Okay, that is my rant. But now here is what Epictetus-the-Stoic, my most beloved of philosophers, would say in reply.
Epictetus has much advice about how we should behave toward tyrants, all relevant to my current woes. If the tyrant commands me to hold his chamber pot, I can either comply or refuse. If I hold the chamber pot, I will have submitted to his tyranny; if I refuse, I will get a beating and lose my dinner. The choice is mine. It's clear that Epictetus himself would not hold the tyrant's chamber pot, even if it meant being beheaded for his failure to do so. Epictetus didn't think being beheaded was all that terrible. If the tyrant threatened, "I will behead you!" he would be quick with a snappy retort, "Did I ever tell you that I alone had a head that cannot be cut off?" But the choice - to hold the chamber pot or not - is yours.
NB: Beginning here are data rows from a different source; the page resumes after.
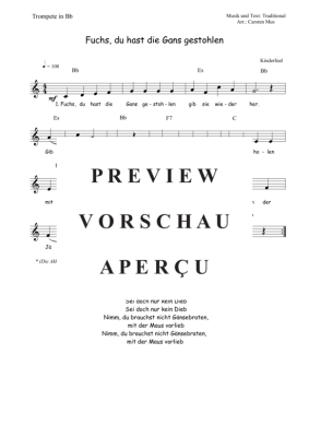 Fuchs du hast die Gans gestohlen. Ein sehr bekanntes Kinderlied unserer Zeit für den leicht fortgeschrittenen Trompeter.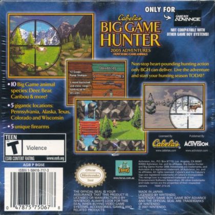 Hunters can sharpen their skills with the latest addition to the Big Game Hunter series. Cabela's Big Game Hunter delivers a compelling hunting game with 24 different North American big game animals, advanced animal behavior, and detailed landscapes. Play Career Hunt or jump right into the action with Quick Hunt for immediate satisfaction. Special features include bullet-cam, x-ray scopes, custom log cabin with a trophy room, and an advanced scoring system. Play the game as any good hunter must study his prey.
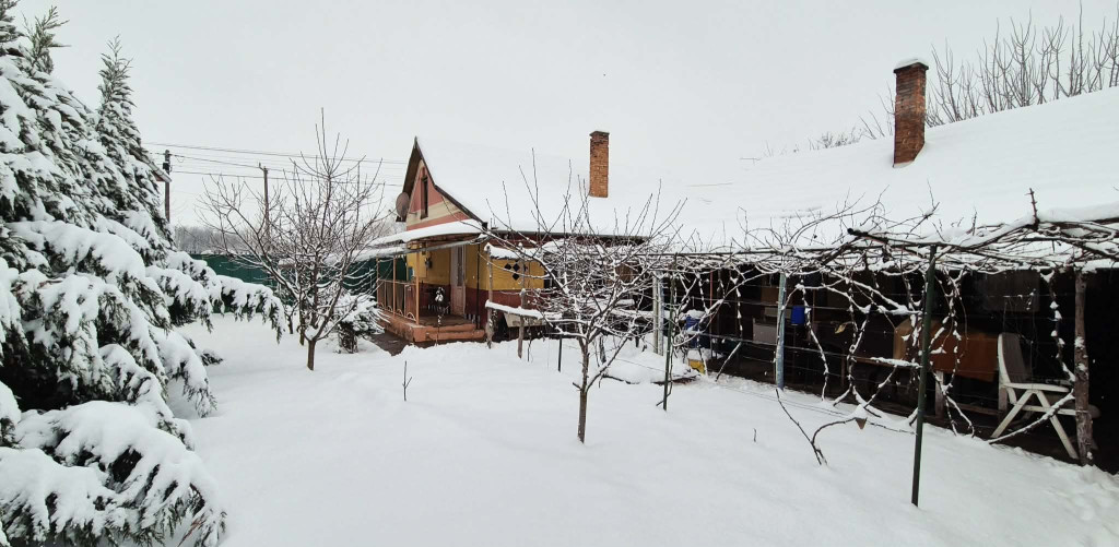 Eladó Kistelek egyik békés részén egy 56 m²-es vályogház a hozzá tartozó 15 m²-es melléképülettel és 720 m²-es gondozott telekkel, amelyet gyümölcsfák és kerti növények díszítenek.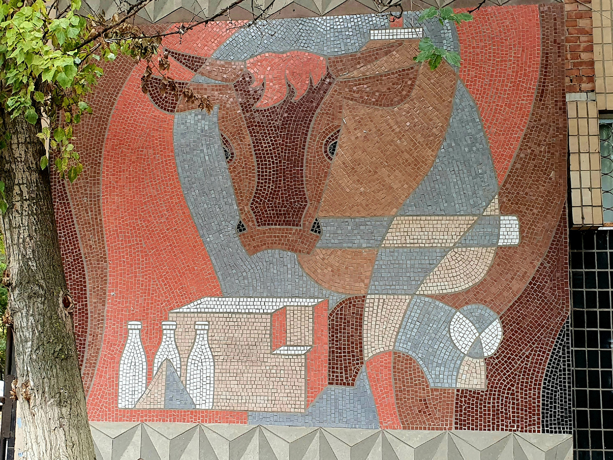 В Волгограде на Рабоче-Крестьянской улице, 44, всё ещё живёт и дышит история — бодрая и добродушная корова из мозаики, встречающая прохожих своим вечным, радушным взглядом. Она пережила время и множественные перемены в обличии здания, которое ныне стало пристанищем для офисов небольших компаний, но когда-то было сердцем Волгоградского молочного завода.

He gives less extreme examples, too. If you are invited to feast with a boring conversationalist, you have to decide whether you'd rather have a yummy meal while being bored out of your gourd, or skip the tedium and settle for mediocre fare at home: "Further, there are some morose and fastidious people who say, 'I cannot dine with such a fellow, and bear with his daily accounts of how he fought in Mysia: 'I told you, my friend, how I climbed the ridge - I will start again with the siege.' But another says, 'I had rather get a dinner, and hear him prate as much as he pleases.' And it is for you to compare the value of these things, and judge for yourself; but do not do anything as one who is burdened and afflicted and suppose himself to be in a bad way, for no one compels you to that."
Ahh, that's the crux of it. Do it, and get this; or don't do it, and get that. But either way: STOP COMPLAINING! When someone came to Epictetus and moaned, "My nose is running!" (this is an actual example from his Discourses), he replied, "What do you have hands for, but to wipe it with?!" And when the sniffler went on to ask why the world should have such things as mucus in it, Epictetus told him, "How much better it would be for you to wipe it away than complain!"
Okay, so what does this have to do with how much I hate learning about Google Drive? Or struggling with Canvas for my classes?
If I want to continue getting paid to teach in an increasingly online environment (and the current coronavirus crisis is only exacerbating the already ongoing computerization of everything), I'm going to have to get better at doing things on the computer. If I don't want to get better at doing things on the computer, it's time for me to retire. Ditto for making videos to promote my books. If I want to continue being an author in the world-as-it-is in 2020, I'm going to have to learn what Google Drive is. If I don't want to learn about Google Drive (and actually, it did turn out to be the easiest thing in the world), then I can put myself out to pasture.
Either way, it's better for me to wipe my nose than to whine about how terrible it is that my nose is running.
My tentative conclusion for myself is that I am indeed going to call it quits for almost all teaching at the end of this challenging semester and learn to live on less income each month. But I'm also going to work harder to keep up with the technology needed to continue as an author.
For now, I'm going to "Suck it up, buttercup" (which is NOT a quotation from Epictetus, but could have been.) I'm lucky I have a job generating needed income. I'm lucky I have a way of sharing my books via videos with young readers.
I'm lucky I have hands to wipe my runny nose.